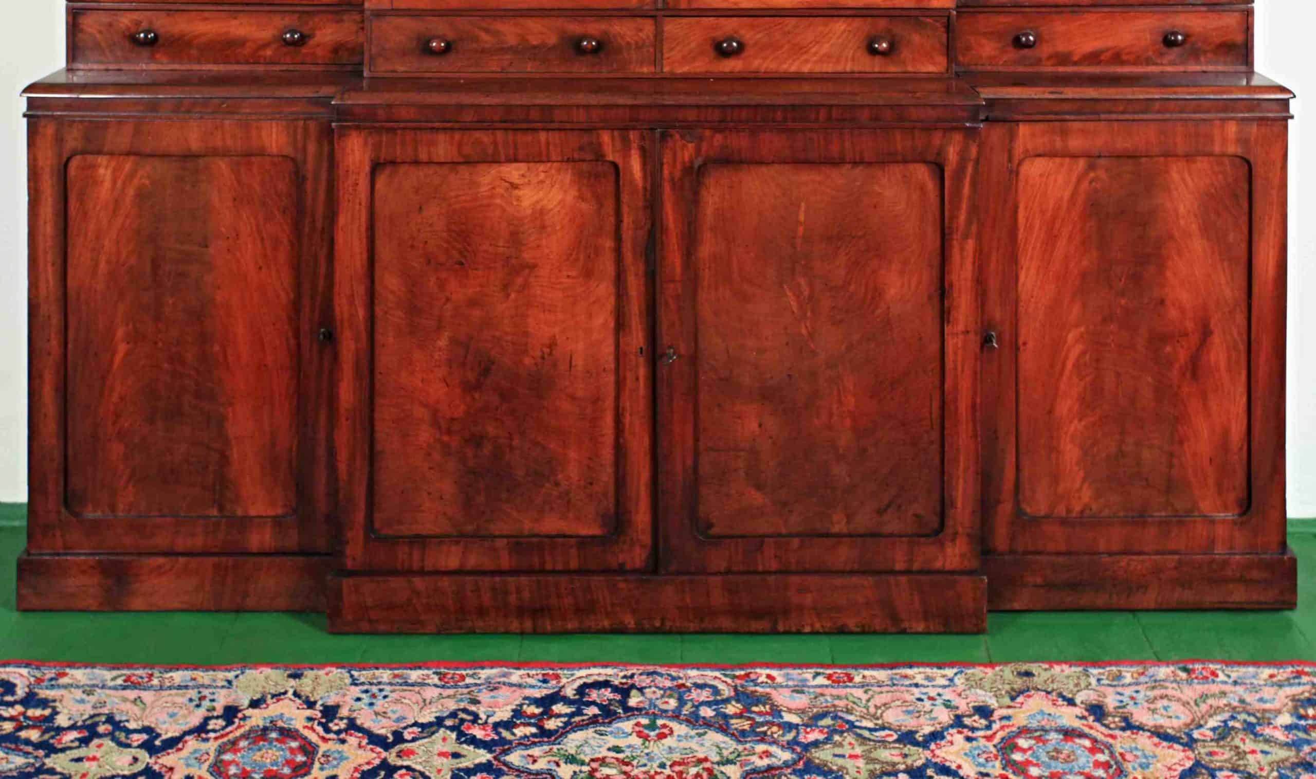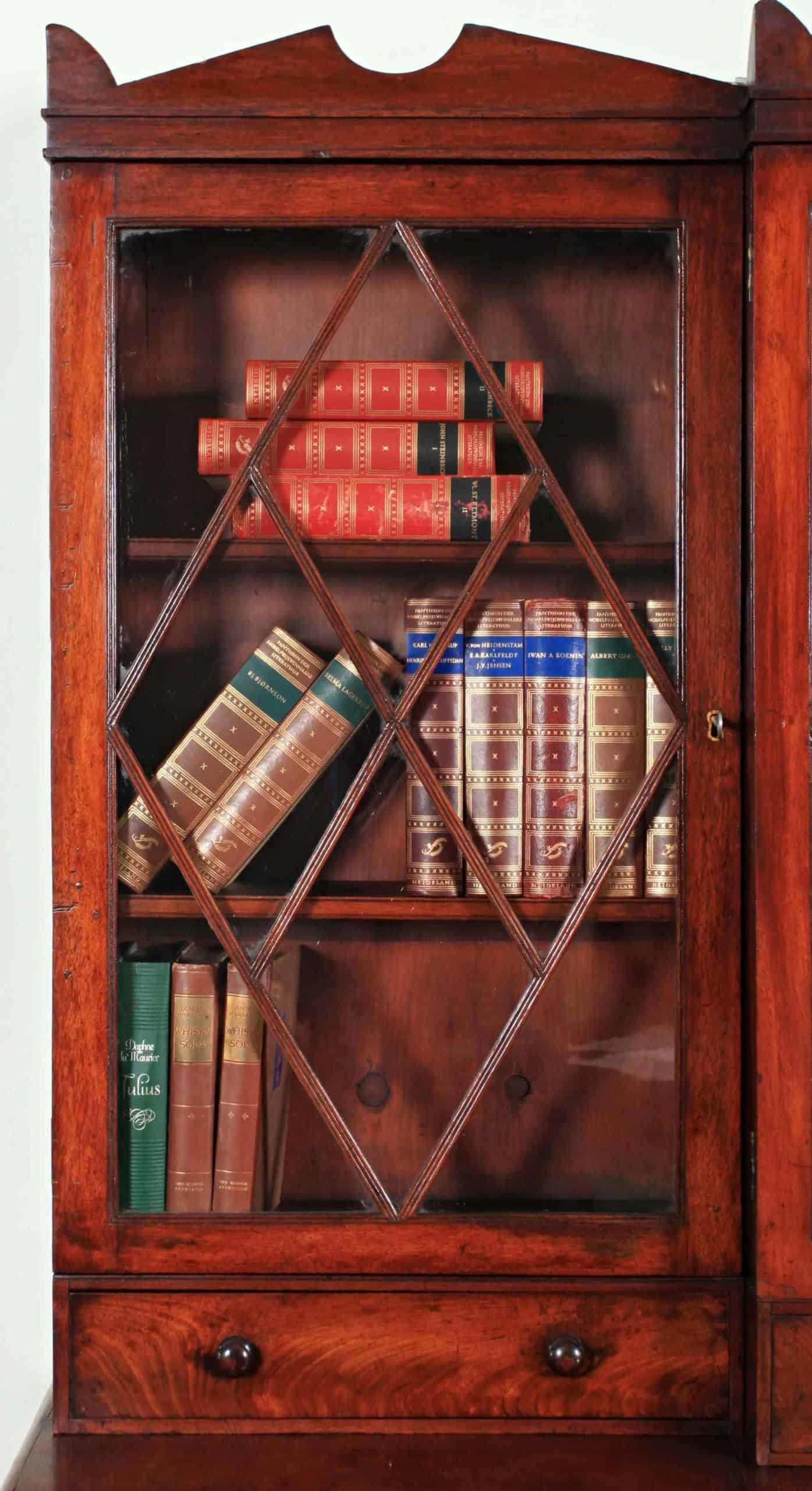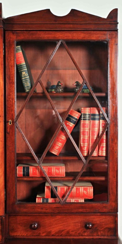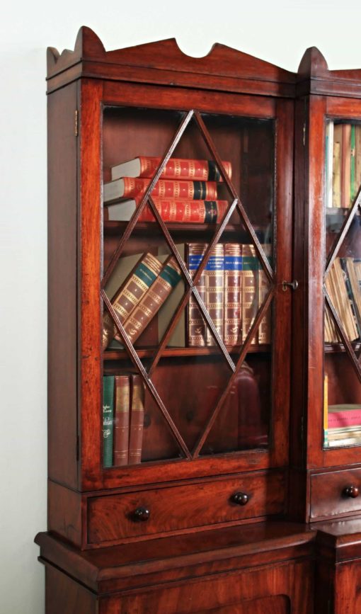 Čtyřdvéřové provedení s prosklenou vrchní částí a uzavřenou spodní částí. Knihovna z poloviny 19. století. Mahagonový masiv. Výškově nastavitelné police. Zámečky jsou funkční a klíčky součástí. Knihovna je v původním, velmi dobrém stavu, bez červotoce. Knihovnu je možné pro převoz rozebrat na nekolik malých dílu (složení trvá cca 15 minut).
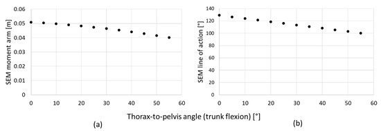 Among the limitations of this approach, the fixed moment arm of the back-extensor muscles is surely a critical point, as it has been shown that applying the lever arm obtained in an upright stance to a flexed position leads to a significant underestimation and overestimation of the compression and shear forces, respectively [15]. The orientation of the muscle’s line of action (crucial for projecting the muscle force on the vertebral body properly), assumed to be parallel to the axis of compression and characterized by a constant value, has even worse effects [15]. In their single-equivalent muscle (SEM) model, van Dieen and de Looze predicted the back extensor muscle moment arm and the orientation of their line of action (with respect to the plane of L5/S1) as a function of the thorax-to-pelvis angle from 10° of trunk extension to 55° of flexion with a resolution of 5° [15] (Figure 1). The regression was based on a model consisting of 114 muscles crossing L5/S1 [16].
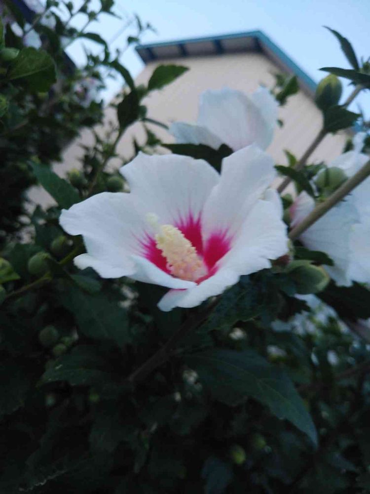 今日の汚庭のムクゲは涼しげなレッドアイさん
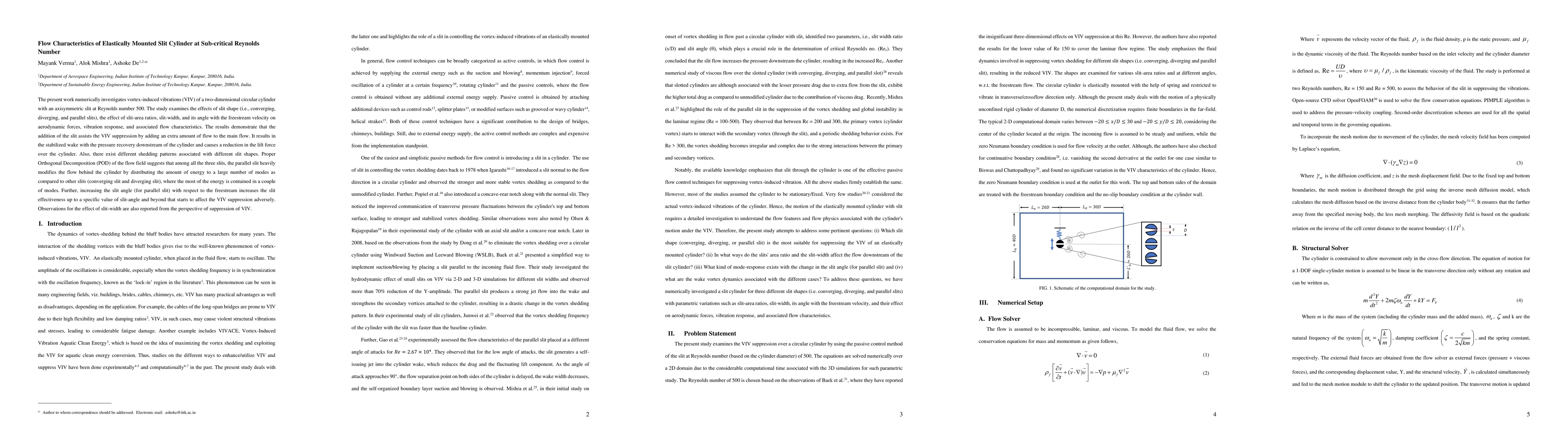 This paper numerically investigates vortex-induced vibrations (VIV) of a slit cylinder at Reynolds number 500, focusing on how slit shape, area ratios, width, and angle affect aerodynamic forces and flow characteristics. The results show that slits suppress VIV by stabilizing the wake and reducing lift, with parallel slits being most effective in distributing energy across multiple modes.
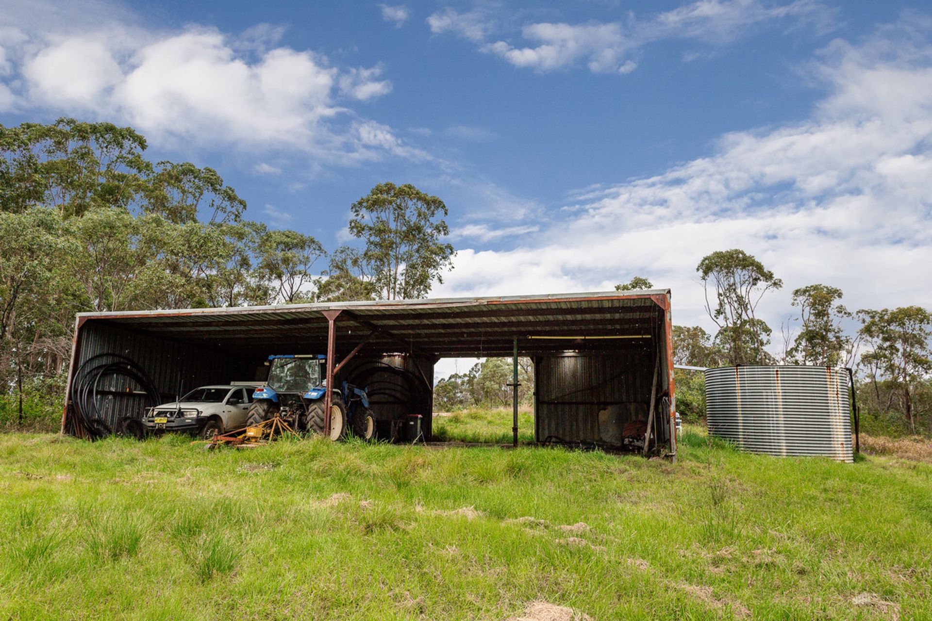 Previously cleared with some tea tree planted in one section, the options are open to get on the tractor and slasher and reclaim the original cleared land, allowing for a number of options. There is also a small area planted with native hardwood timber, a nice little supplement in the future or resource to use on the land.
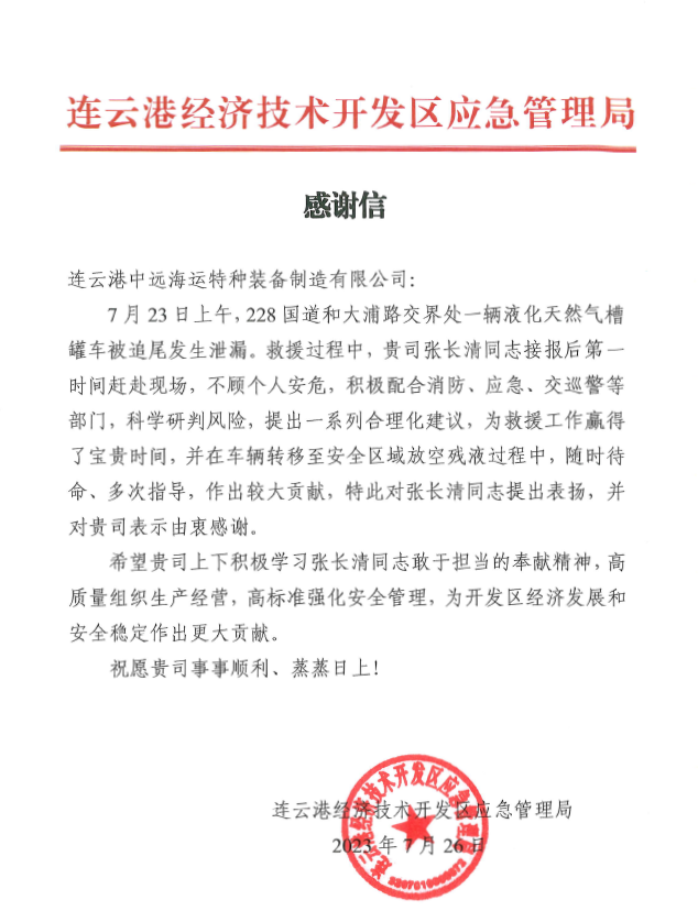 近日,市开发区应急管理局代表到市交通控股千亿app最新版下载,千亿(中国)权属物流千亿app最新版下载,千亿(中国)合资的中远海运特种装备制造有限公司,将一封感谢信送交公司副总经理张长清手中,感谢张长清积极配合消防、应急、交巡警等部门处理228国道和大浦路交界处发生的液化天然气槽罐车被追尾泄露事故。号召公司上下积极学习张长清敢于担当的奉献精神,高质量组织生产经营,高标准强化安全管理,为市开发区经济发展和安全稳定作出更大贡献。
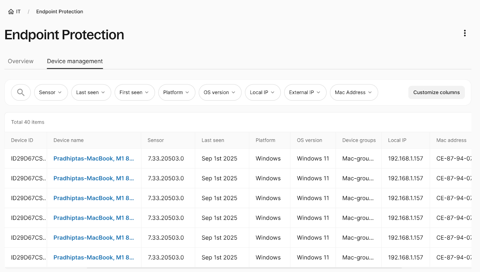 The device management tab lists all your managed devices with details, including:
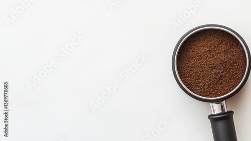 Coffee grounds in a portafilter on a neutral background, ideal for brewing enthusiasts.
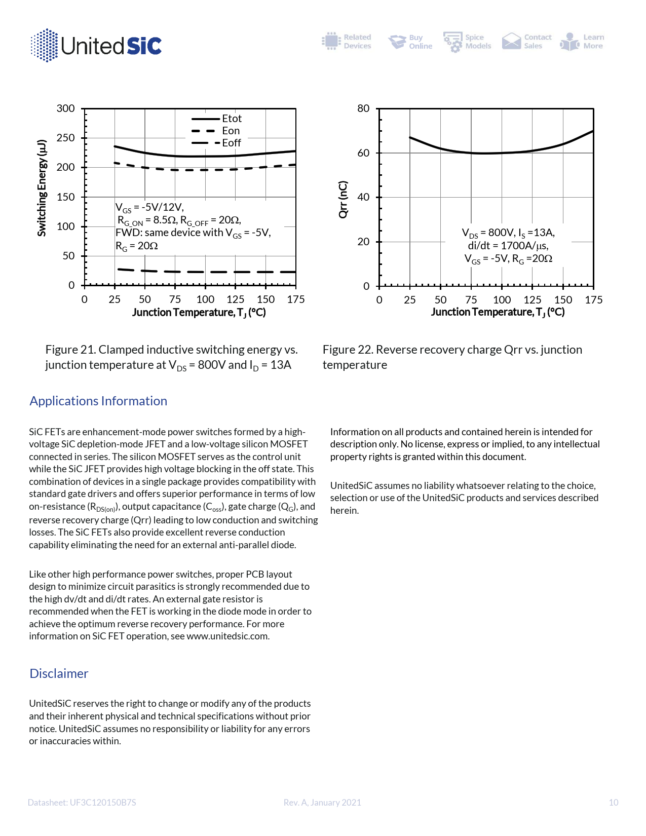 300 80 Etot Eon 250 J) Eoff ( m 60 ygr 200 en ) E C g n n 150 ( 40 hi V r GS = -5V/12V, itc R Qr 100 G_ON = 8.5W, RG_OFF = 20W, Sw FWD: same device with VGS = -5V, VDS = 800V, IS =13A, R 20 G = 20W di/dt = 1700A/ms, 50 VGS = -5V, RG =20W 0 0 0 25 50 75 100 125 150 175 0 25 50 75 100 125 150 175 Junction Temperature, T Junction Temperature, T J (°C) J (°C) Figure 21. Clamped inductive switching energy vs. Figure 22. Reverse recovery charge Qrr vs. junction junction temperature at VDS = 800V and ID = 13A temperature Applications Information SiC FETs are enhancement-mode power switches formed by a high- Information on all products and contained herein is intended for voltage SiC depletion-mode JFET and a low-voltage silicon MOSFET description only. No license, express or implied, to any intellectual connected in series. The silicon MOSFET serves as the control unit property rights is granted within this document. while the SiC JFET provides high voltage blocking in the off state. This combination of devices in a single package provides compatibility with UnitedSiC assumes no liability whatsoever relating to the choice, standard gate drivers and offers superior performance in terms of low selection or use of the UnitedSiC products and services described on-resistance (RDS(on)), output capacitance (Coss), gate charge (QG), and herein. reverse recovery charge (Qrr) leading to low conduction and switching losses. The SiC FETs also provide excellent reverse conduction capability eliminating the need for an external anti-parallel diode. Like other high performance power switches, proper PCB layout design to minimize circuit parasitics is strongly recommended due to the high dv/dt and di/dt rates. An external gate resistor is recommended when the FET is working in the diode mode in order to achieve the optimum reverse recovery performance. For more information on SiC FET operation, see www.unitedsic.com. Disclaimer UnitedSiC reserves the right to change or modify any of the products and their inherent physical and technical specifications without prior notice. UnitedSiC assumes no responsibility or liability for any errors or inaccuracies within. Datasheet: UF3C120150B7S Rev. A, January 2021 10
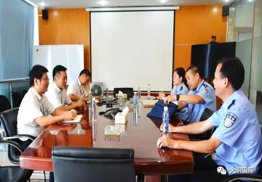 7月18日,杭州市公安局萧山分局行政审批科科长朱晓盈和社区民警一行来访杭州大明加工中心,杭州大明总经理陈钟炜、管理部部长丁军等热情接待并座谈交流。
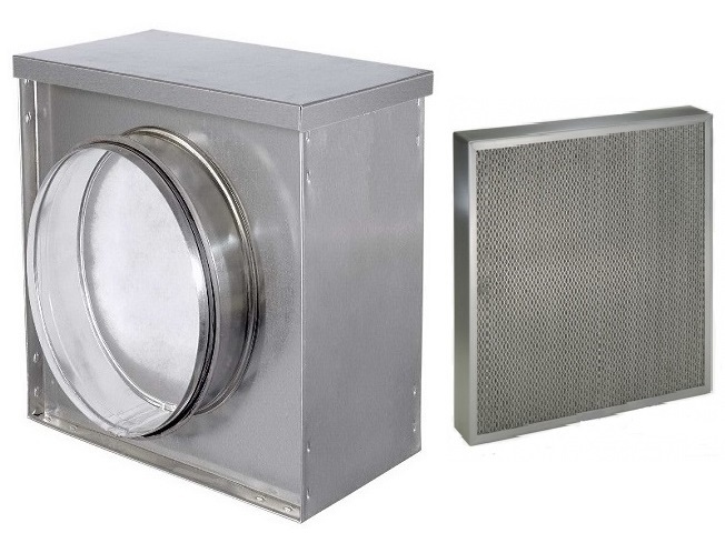 Корпус фильтра снабжен круглыми патрубками для подсоединения к системе воздуховодов соответствующих размеров.
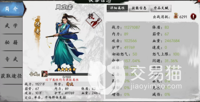 以上的四个角色,是游戏中排行在T0的位置,是游戏现版本最强的四个侠客了,大家如果想在游戏中大杀四方的话,还是尽量想办法去获取到这个四个侠客吧。好了,本期的内容到这里就结束了,感谢大家的观看,也祝大家早日获得游戏中强力的侠客,登上巅峰。
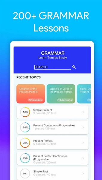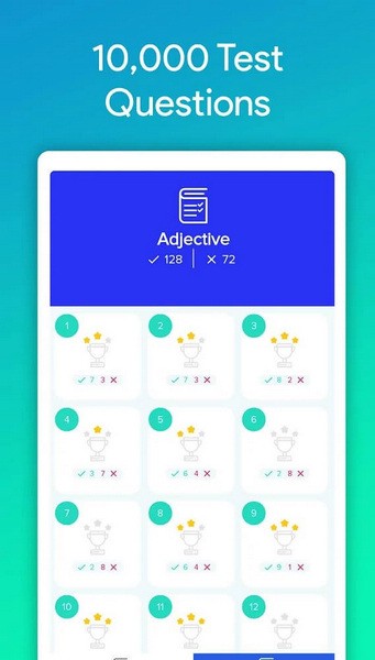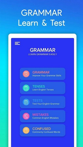 应用程序内容包括700多个语法点,分为3个级别,涵盖几乎英语水平测试,以帮助练习和加强您的英语语法技能。
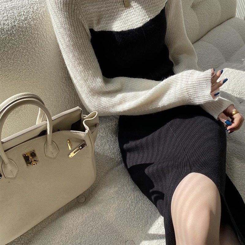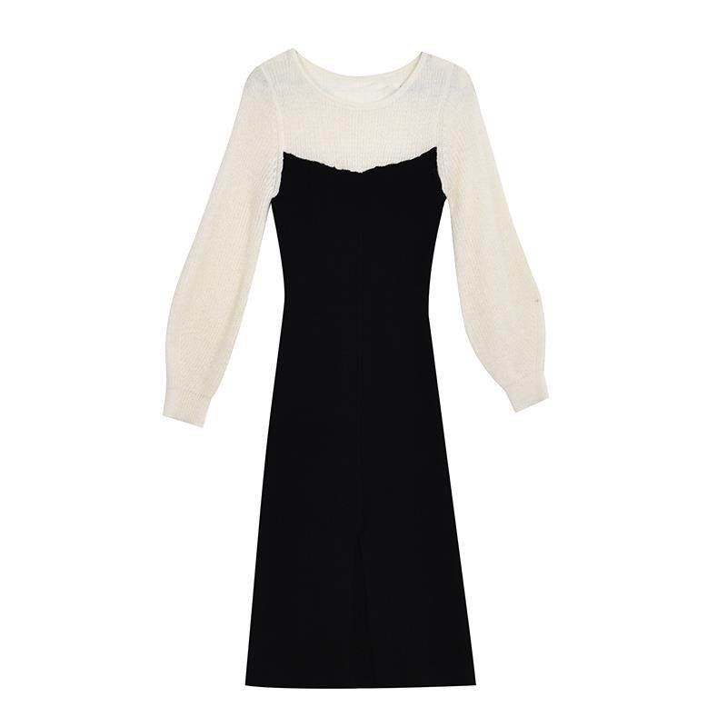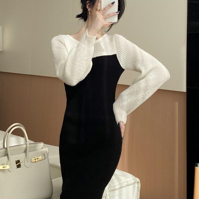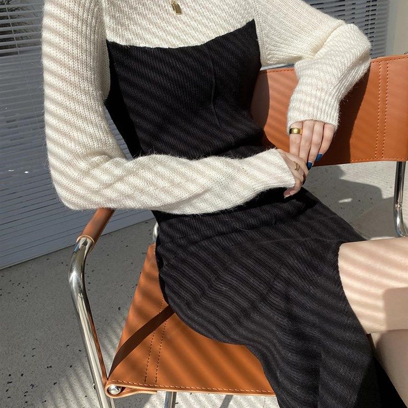 淘宝溪田集严选店的小店38,配大衣内搭黑白拼接毛衣打底裙2022秋季新款中长款开叉针织连衣裙
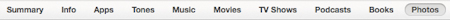 The Photos tab doesn't appear there. If you are on iTunes 11 on your computer then you may want to re-enable the left-hand sidebar via View > Show Sidebar (option-command-S on a Mac, control-S on a PC), which might make it easier to navigate and my instructions may make more sense.
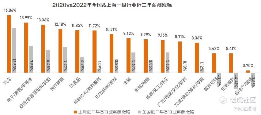 2020年至2022年,全国大部分行业薪酬均有增长,其中汽车、电子通信及医疗健康行业涨幅最高,位列前三,分别为16.06%、13.99%、12.18%;而教育培训、房地产及生活服务三大行业因相关政策及疫情影响等不可抗力因素,全国范围下近三年薪酬呈负增长趋势,较多相关企业采用降薪措施度过生存寒冬。
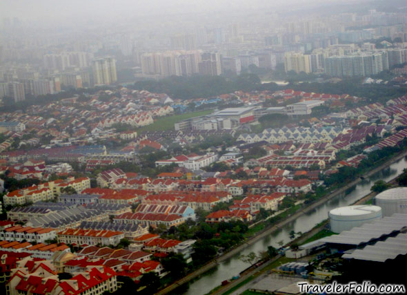 An aerial photo of Singapore on a cloudy day, unfortunately, else the view could be a lot nicer with tall buildings like paper model buildings all over the tiny island. It’s monsoon season now with frequent afternoon showers.

- - -

_THE TASK_:
All lines above starting at the one with "Корпус фильтра снабжен" and ending at the one with "以上的四个角色,是游戏中排行", inclusive, are to be printed again exactly, with the pictures left out.

_REPLY TO THE EXERCISE_:
 Корпус фильтра снабжен круглыми патрубками для подсоединения к системе воздуховодов соответствующих размеров.
 以上的四个角色,是游戏中排行在T0的位置,是游戏现版本最强的四个侠客了,大家如果想在游戏中大杀四方的话,还是尽量想办法去获取到这个四个侠客吧。好了,本期的内容到这里就结束了,感谢大家的观看,也祝大家早日获得游戏中强力的侠客,登上巅峰。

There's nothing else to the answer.